Unilever has been resolute in its determination to be a purpose led company, and we saw two demonstrations of that commitment this week, one here in Canada and another in the U.S.
Here at home, Hellman’s announced on Wednesday that all of its mayonnaise jars and bottles will be made from 100% recycled plastic by March. Hellman’s claimed the change will save 1 million kilograms of virgin plastic this year.
Bottles made from recovered and reprocessed plastic (PCR or post-consumer recycled) are appearing on store shelves now. The plastic is slightly darker and includes a label with instructions on how to recycle correctly.
“Canadians want to do what’s right, seeking out products and brands that prioritize the planet,” said Unilever Canada president Gary Wade (right). “By transitioning our bottles and jars to ones made with 100% recycled plastic, Hellmann’s is helping make sustainable choices more accessible.”
While the change has a clear environmental benefit, Unilever also maintains that changes like this are beneficial to its bottom line.
Unilever previously committed to ensuring that all of its packaging is fully reusable, recyclable or compostable by 2025 as part of its Sustainable Living Plan. While that plan was first introduced 10 years ago under previous CEO Paul Polman, Unilever’s commitment to being purpose led across its large portfolio of brands has become even more pronounced under Alan Jope, who became CEO early last year.
In Cannes last year, Jope complained about “woke-washing” and suggested it could be “putting in peril the very thing which offers us the opportunity to help tackle many of the world’s issues.” Unilever tasked its marketers with finding a business plan that would “make society or the planet better.” Those brands that can’t, could be sold off, even if they are profitable, said Jope. “Principles are only principles if they cost you something,” he said.
But Unilever also says that being purpose led is good for business, and that consumers prefer brands that are making the planet better. In November, it noted that it now has 28 Sustainable Living Brands that “communicate a strong environmental or social purpose, with products that contribute to achieving the company’s ambition of halving its environmental footprint and increasing its positive social impact.” According to Unilever, those brands grew 69% faster than the rest of is business.
“Two-thirds of consumers around the world say they choose brands because of their stand on social issues, and over 90% of millennials say they would switch brands for one which champions a cause,” said Jope at a Deutsche Bank conference. “Purpose creates relevance for a brand, it drives talkability, builds penetration and reduces price elasticity. In fact, we believe this so strongly that we are prepared to commit that in the future, every Unilever brand will be a brand with purpose.”
Another Unilever owned brand also made a bold statement about its commitment to fight for a better world Tuesday night. Seventh Generation ran an ad directly after U.S. President Donald Trump’s State of the Union address. Seventh Generation is an environmentally friendly household paper and cleaning products brand that was acquired by Unilever in 2016.

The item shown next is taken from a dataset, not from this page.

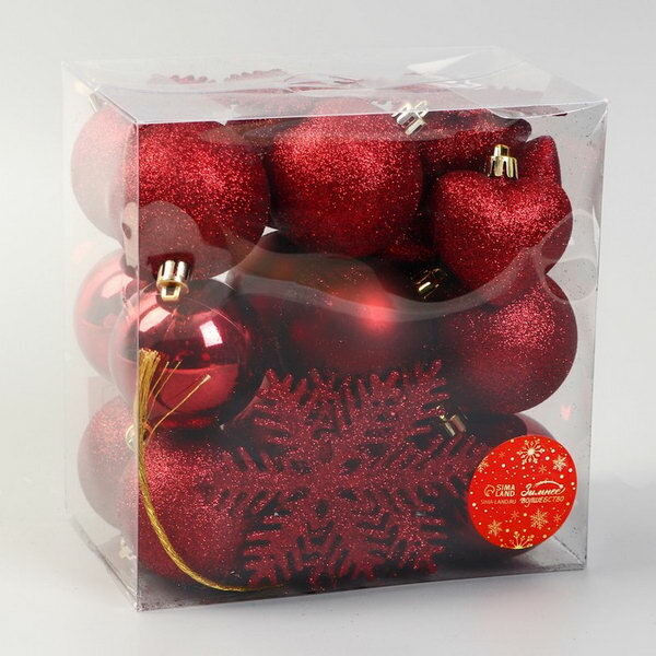 Набор украшений пластик 30 шт "Амур" (16 шаров, 6 сердец, 8 снежинок) красный 4941765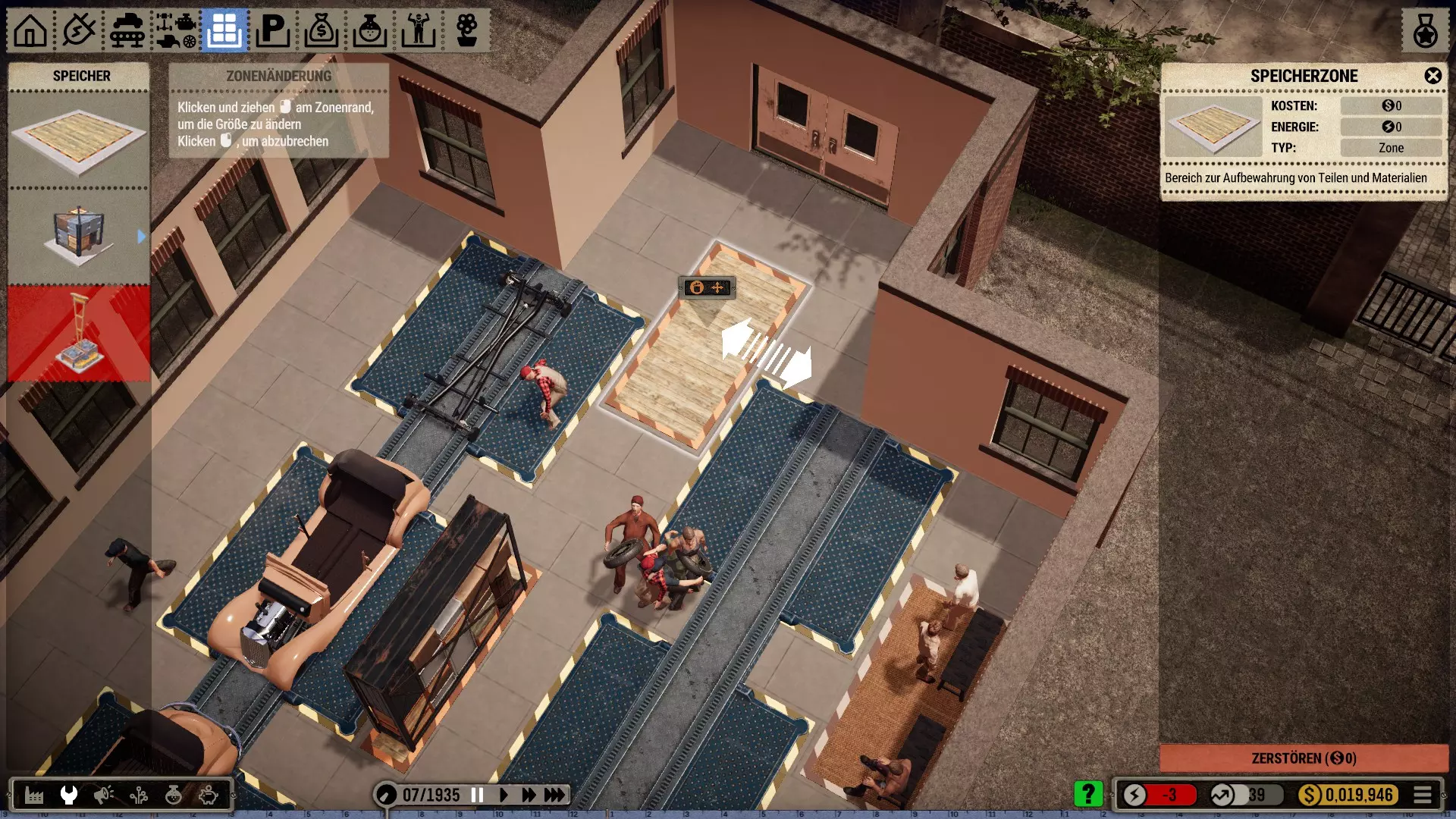 很快发现,这条拥有三个工位的新装配线生产速度要快得多,所以加里打算把利润投入到扩建生产车间上,并且还要扩建右侧区域。他把商店搬到了中心位置,同时取消了最初装配工位的旧订单。但遗憾的是,他还是得把原来的装配工位删掉,因为它无法移动。

Assuming that Trump’s speech would lack any bold new vision to fight climate change (no kidding), Seventh Generation’s ad directly equated the current threat of global warming to the threats posed by the Great Depression and the spread of fascism in the 1930s and ’40s. The generation that won the fight in World War II was dubbed the Greatest Generation, and the new ad asks if young people might be the “next greatest generation” for overcoming the new existential threat of climate change.
Seventh Generation chief executive Joey Bergstein, told The New York Times the brand ran the spot across all major U.S. networks right after Trump’s speech because it felt like an appropriate moment and the company was targeting people “who we know are concerned about climate and really try to inspire that group to action.” Seventh Generation bought the first ad break across CBS, ABC and NBC. It did not buy air time on Fox.